When Asthma and COPD Overlap
Some people genuinely have features of both diseases at once. This is called asthma-COPD overlap, or ACO. A person with childhood asthma who smokes for 20 years, for instance, can develop COPD on top of their asthma. Or someone diagnosed with COPD may show allergic inflammation and partial reversibility that looks more like asthma.
Estimates of how common this overlap is vary widely. Among asthma patients, roughly 12% also meet criteria for ACO. Among COPD patients, estimates range from about 12% to over 50%, depending on how strictly the overlap is defined. The typical profile is a person over 40 with a significant smoking history who also has a history of allergies or childhood asthma, and whose breathing tests show some reversibility but also persistent obstruction.

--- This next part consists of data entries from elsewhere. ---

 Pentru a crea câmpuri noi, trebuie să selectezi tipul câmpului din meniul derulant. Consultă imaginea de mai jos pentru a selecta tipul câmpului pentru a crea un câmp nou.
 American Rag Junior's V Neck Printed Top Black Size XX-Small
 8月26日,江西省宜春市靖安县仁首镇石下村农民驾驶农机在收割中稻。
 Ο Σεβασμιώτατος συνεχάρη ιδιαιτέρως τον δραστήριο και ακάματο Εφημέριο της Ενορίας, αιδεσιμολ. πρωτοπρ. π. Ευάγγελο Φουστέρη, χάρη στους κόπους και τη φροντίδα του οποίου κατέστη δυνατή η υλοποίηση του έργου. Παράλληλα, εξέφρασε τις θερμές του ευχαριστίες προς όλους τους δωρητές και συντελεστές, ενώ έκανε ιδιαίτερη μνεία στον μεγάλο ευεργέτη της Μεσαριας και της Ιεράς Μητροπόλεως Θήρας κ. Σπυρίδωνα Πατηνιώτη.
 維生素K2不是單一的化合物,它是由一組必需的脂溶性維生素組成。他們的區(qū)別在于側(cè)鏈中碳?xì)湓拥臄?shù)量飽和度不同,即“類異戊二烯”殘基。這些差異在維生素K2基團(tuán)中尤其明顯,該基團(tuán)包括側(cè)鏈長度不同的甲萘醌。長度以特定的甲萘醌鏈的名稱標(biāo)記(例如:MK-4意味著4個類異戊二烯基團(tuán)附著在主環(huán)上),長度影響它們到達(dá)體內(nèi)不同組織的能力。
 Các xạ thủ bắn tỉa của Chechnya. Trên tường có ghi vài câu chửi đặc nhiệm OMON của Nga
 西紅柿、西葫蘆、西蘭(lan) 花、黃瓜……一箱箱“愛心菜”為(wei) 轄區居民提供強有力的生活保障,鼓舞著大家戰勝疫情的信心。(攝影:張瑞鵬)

ACO matters because it changes treatment. People with pure COPD are generally managed with long-acting bronchodilators, while people with asthma rely heavily on inhaled corticosteroids to control inflammation. Patients with overlap features tend to need both. They also tend to have more frequent flare-ups and worse quality of life than people with either condition alone, so identifying the overlap early makes a practical difference in how aggressively the condition is managed.

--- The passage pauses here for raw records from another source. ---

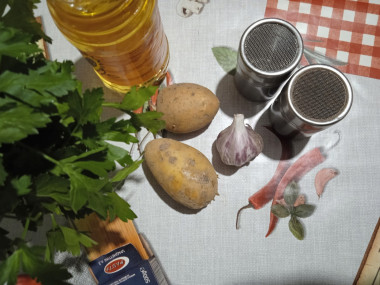 Для начала подготовьте все ингредиенты по списку. Картошку лучше брать молодую, поскольку готовиться она будет с кожурой, а также небольшого размера, чтобы она равномерно прожарилась. С выбором сорта картофеля вам поможет статья под рецептом. Чеснок разделите на зубчики, очистите от шелухи, помойте в холодной проточной воду и обсушите бумажными полотенцами. Зелень помойте и обсушите.
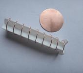 В качестве опорного элемента берём шток от разового шприца 20 кубиков, который белый и без резинового поршня. Отрезаем верхнюю часть, а в нижней вырезаем два сектора. На рёбрах штока делаем разметку правой восходящей спирали и по разметке делаем углубления под проволоку диаметром и глубиной 1 мм.
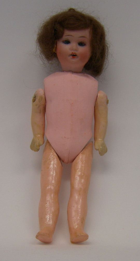 Pop bestaande uit porseleinen hoofd met beweegbare ogen, ledematen en lijf van papier maché, Ledematen met koordje aan lijf bevestigd, met een houten plugje in de ledematen. Bruine pruik met haarspeld aan achterzijde op hoofd gelijmd.
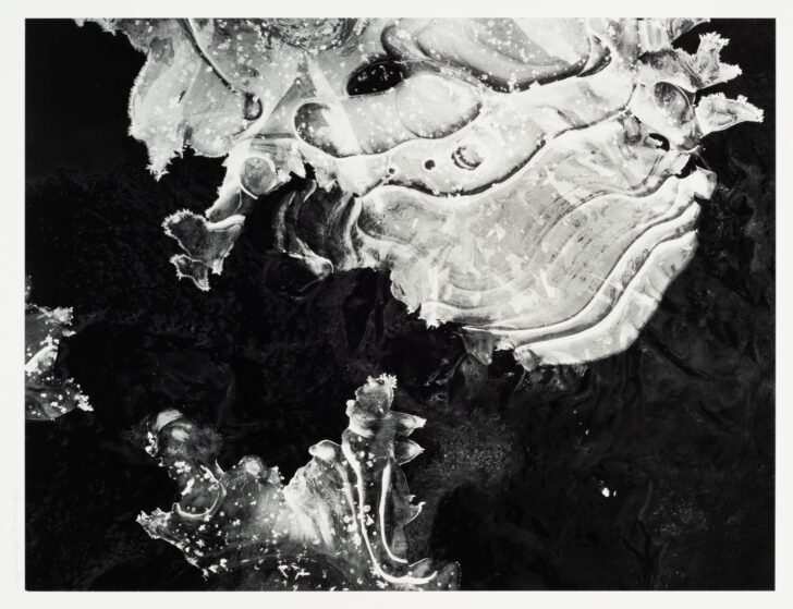 A curving white form floating in a dark field is cut through with thick dark lines, its bottom edges ending in cilia-like points. To its right, a smaller form of darker but similar structure is found.
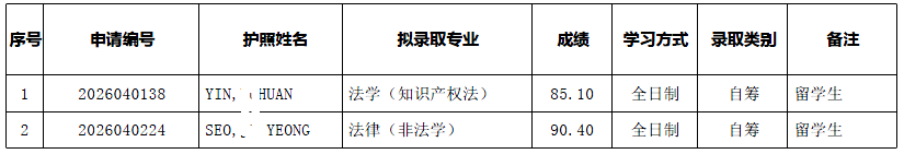 以上是关于【2026年北京大学法学院留学生攻读硕士学位拟录取名单公示】的内容,希望能帮助准备考研清北的同学们节约时间,提高上岸的成功率。
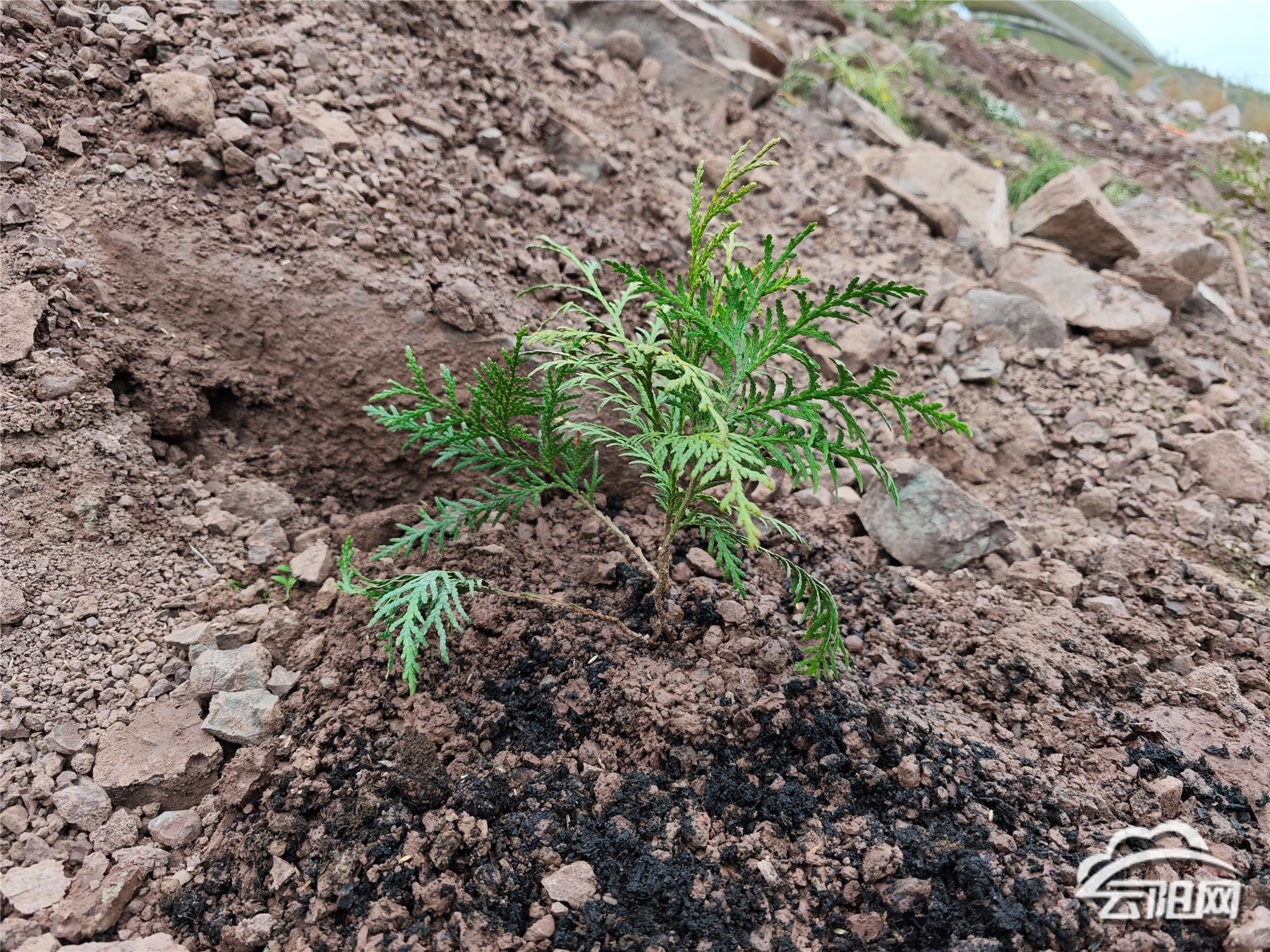 在植树现场,工人们正忙碌着将崖柏幼苗搬运至田间,大家在专业技术员指导下,挥锹刨坑、扶苗培土、提水浇灌...不一会儿,一株株小幼苗在这里安了家。此刻,跨越亿年的“双向奔赴”,恐龙化石遇见了恐龙时代的“活化石”。

Why the Distinction Matters for You
The difference between asthma and COPD isn’t just academic. It shapes what medications work, what to expect over time, and what lifestyle changes matter most. Asthma, even when severe, can often be well controlled. Symptoms don’t necessarily worsen over the years, and many people live with minimal limitations. COPD, by contrast, is progressive. Lung function declines over time, and the primary goal of treatment shifts toward slowing that decline and managing symptoms rather than achieving full control.
If you smoke and have asthma, quitting is critical not just for the asthma itself but because continued smoking dramatically increases the risk of developing COPD alongside it, pushing you into that overlap category where outcomes are worse. If you’ve been told you have one condition but your symptoms don’t match the expected pattern, or your medications aren’t working the way they should, it’s worth asking whether the other condition, or an overlap of both, might be part of the picture. Spirometry with a bronchodilator response, combined with blood eosinophil counts or a FeNO breath test, can usually clarify things.